== TASK OBJECTIVE ==
The required output is the lines below from the line containing "Oft werden Paprika" to the line containing "Մեծ բանտով գեղեցիկ", inclusive, retyped exactly. No other lines belong in it.

== SOURCE RECORDS ==
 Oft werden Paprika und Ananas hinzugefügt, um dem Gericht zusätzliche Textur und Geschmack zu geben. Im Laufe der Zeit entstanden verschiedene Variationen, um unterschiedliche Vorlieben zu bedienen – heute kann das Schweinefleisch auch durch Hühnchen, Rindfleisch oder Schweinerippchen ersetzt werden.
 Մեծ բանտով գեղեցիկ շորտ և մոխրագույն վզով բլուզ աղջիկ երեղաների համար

---

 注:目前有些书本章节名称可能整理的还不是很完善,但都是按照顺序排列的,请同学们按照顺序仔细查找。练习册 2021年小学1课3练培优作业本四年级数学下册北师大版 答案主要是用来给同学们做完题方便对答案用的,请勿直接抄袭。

== OUTPUT ==
 Oft werden Paprika und Ananas hinzugefügt, um dem Gericht zusätzliche Textur und Geschmack zu geben. Im Laufe der Zeit entstanden verschiedene Variationen, um unterschiedliche Vorlieben zu bedienen – heute kann das Schweinefleisch auch durch Hühnchen, Rindfleisch oder Schweinerippchen ersetzt werden.
 Մեծ բանտով գեղեցիկ շորտ և մոխրագույն վզով բլուզ աղջիկ երեղաների համար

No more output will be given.